» Problem to work on
Any pictures in the records below must be left out when you repeat the lines from the line containing "处于护子期的黑鱼。如果在够吃" through the line containing "王庭槐院长与在该中心学习西班牙语的中国留学生亲切交谈" exactly.

» Material supplied
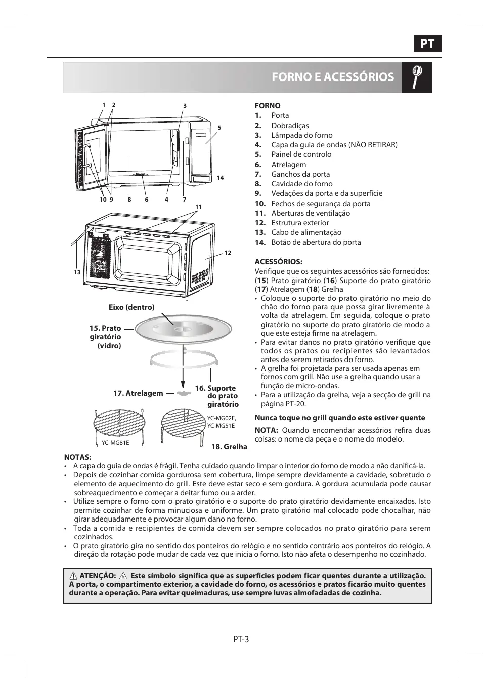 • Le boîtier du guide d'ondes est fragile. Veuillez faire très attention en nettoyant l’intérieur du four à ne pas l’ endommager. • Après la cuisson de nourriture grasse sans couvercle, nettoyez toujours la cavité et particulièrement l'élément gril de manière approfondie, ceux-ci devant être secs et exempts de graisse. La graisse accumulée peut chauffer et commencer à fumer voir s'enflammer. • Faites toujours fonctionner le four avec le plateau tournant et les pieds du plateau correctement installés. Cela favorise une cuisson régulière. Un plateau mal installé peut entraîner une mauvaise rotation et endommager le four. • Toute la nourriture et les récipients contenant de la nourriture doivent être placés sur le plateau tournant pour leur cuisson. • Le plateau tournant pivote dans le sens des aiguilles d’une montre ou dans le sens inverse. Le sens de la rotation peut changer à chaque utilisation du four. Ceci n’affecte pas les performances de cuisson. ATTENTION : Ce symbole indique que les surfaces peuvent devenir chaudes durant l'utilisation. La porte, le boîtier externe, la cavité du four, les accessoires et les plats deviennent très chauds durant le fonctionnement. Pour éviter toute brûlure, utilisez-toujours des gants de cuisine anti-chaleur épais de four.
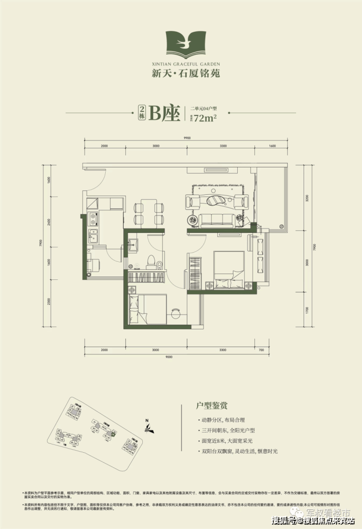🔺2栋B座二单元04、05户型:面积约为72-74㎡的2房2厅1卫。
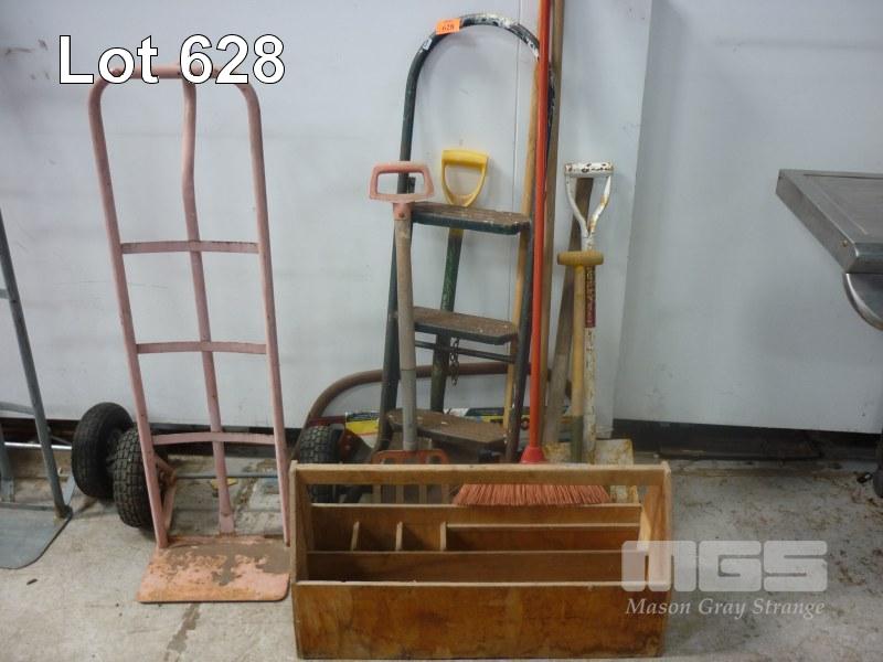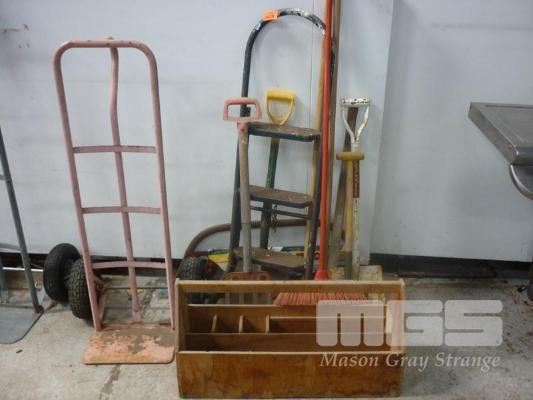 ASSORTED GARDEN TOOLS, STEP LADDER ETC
---
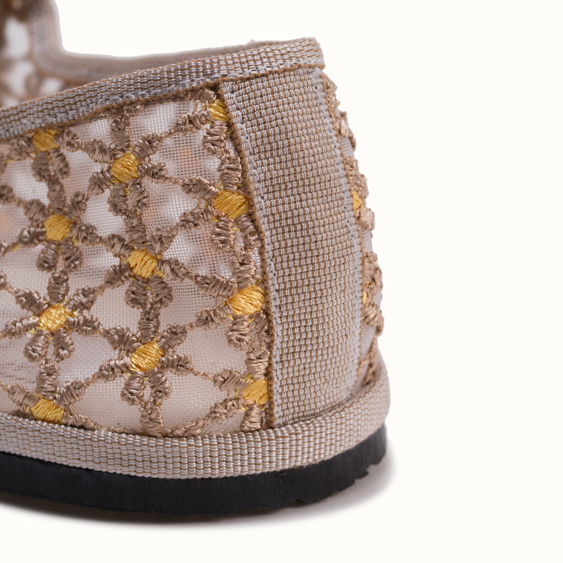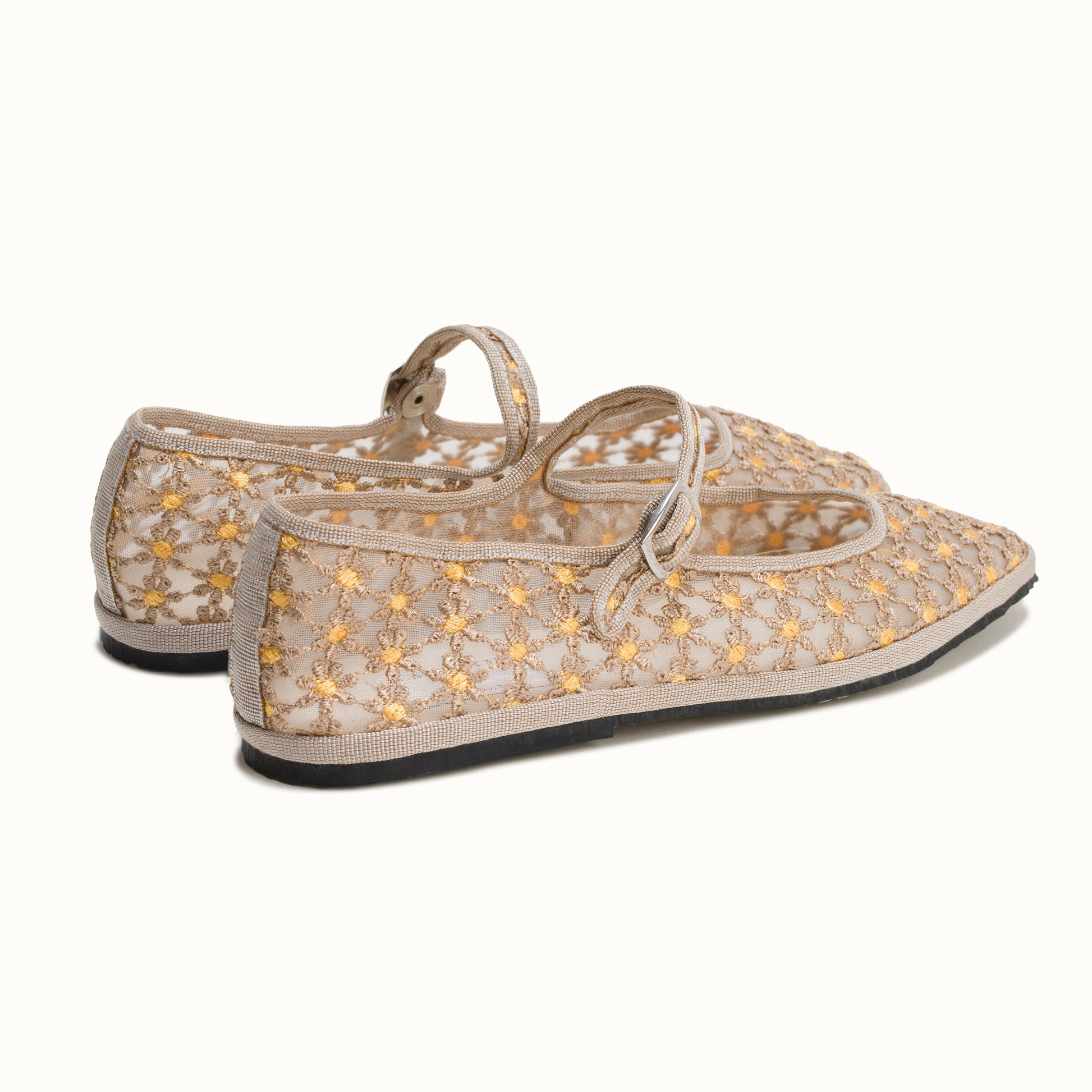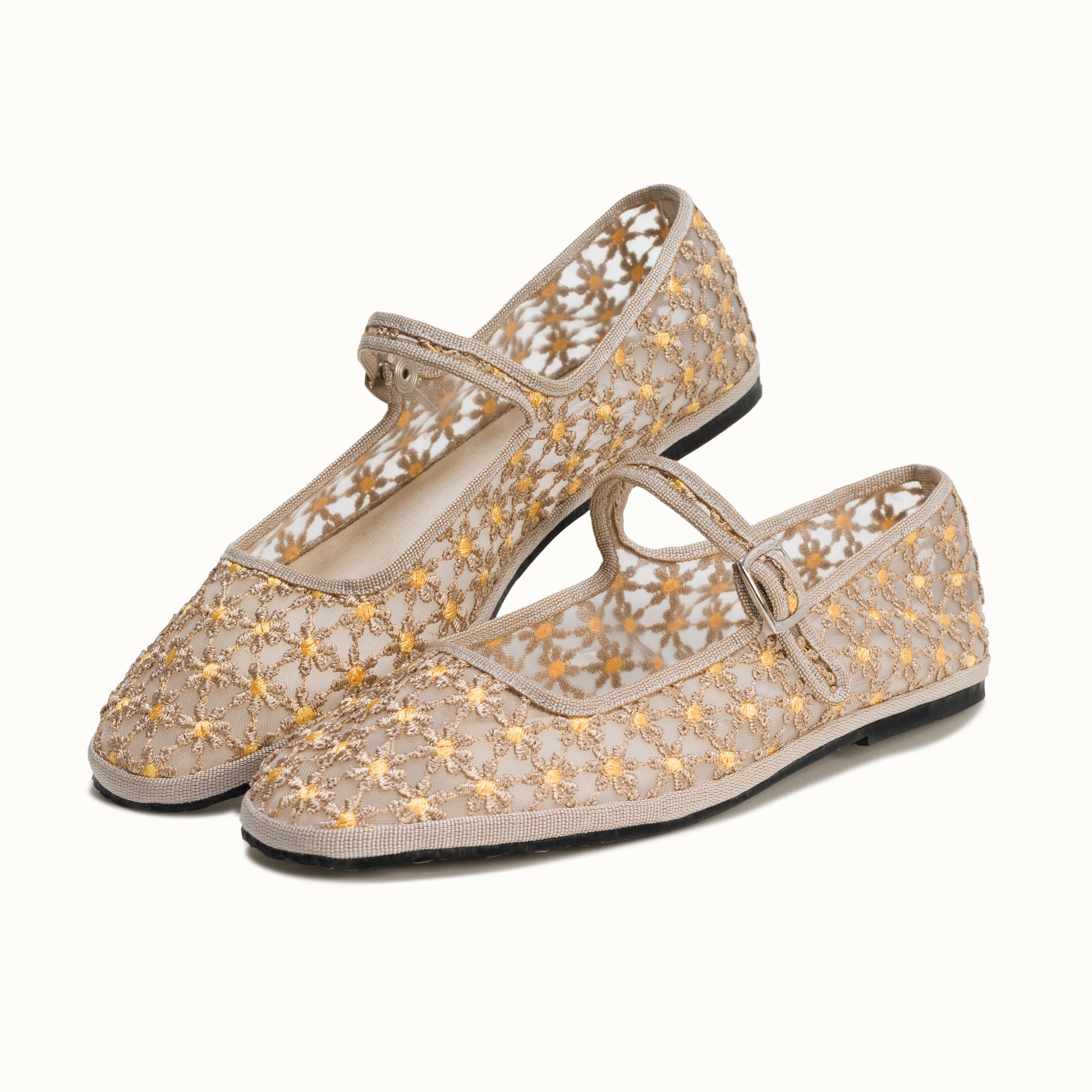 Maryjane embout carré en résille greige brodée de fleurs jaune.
---
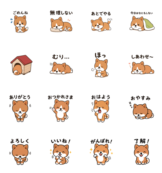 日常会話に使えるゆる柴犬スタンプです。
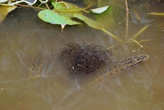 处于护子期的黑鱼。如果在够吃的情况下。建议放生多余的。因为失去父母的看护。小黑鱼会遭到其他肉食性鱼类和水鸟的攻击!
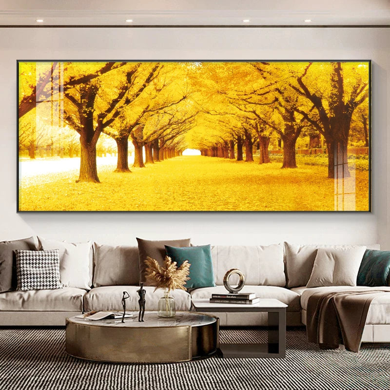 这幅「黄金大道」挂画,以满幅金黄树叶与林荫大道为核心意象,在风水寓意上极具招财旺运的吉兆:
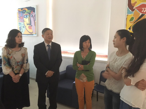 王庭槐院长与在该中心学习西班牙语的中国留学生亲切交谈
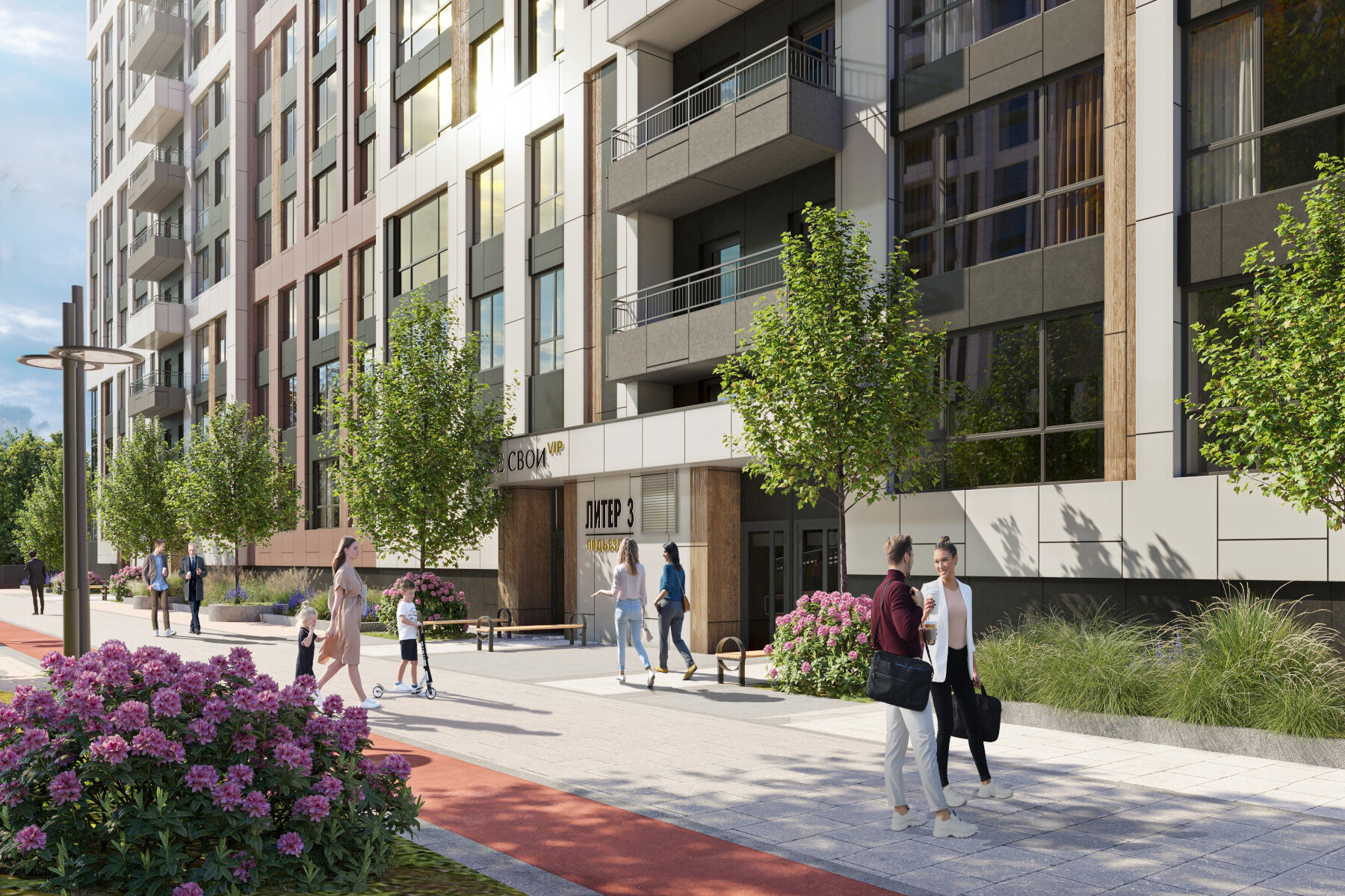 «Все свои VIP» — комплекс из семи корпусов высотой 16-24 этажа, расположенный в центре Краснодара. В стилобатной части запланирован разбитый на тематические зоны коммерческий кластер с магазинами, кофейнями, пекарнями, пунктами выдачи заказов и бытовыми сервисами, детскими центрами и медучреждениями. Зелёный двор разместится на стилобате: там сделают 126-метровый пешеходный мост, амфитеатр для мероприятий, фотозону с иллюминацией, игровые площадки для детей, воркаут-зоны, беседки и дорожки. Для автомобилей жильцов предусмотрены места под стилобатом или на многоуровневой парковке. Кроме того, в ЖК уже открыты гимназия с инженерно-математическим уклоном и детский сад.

» Final answer
 处于护子期的黑鱼。如果在够吃的情况下。建议放生多余的。因为失去父母的看护。小黑鱼会遭到其他肉食性鱼类和水鸟的攻击!
 这幅「黄金大道」挂画,以满幅金黄树叶与林荫大道为核心意象,在风水寓意上极具招财旺运的吉兆:
 王庭槐院长与在该中心学习西班牙语的中国留学生亲切交谈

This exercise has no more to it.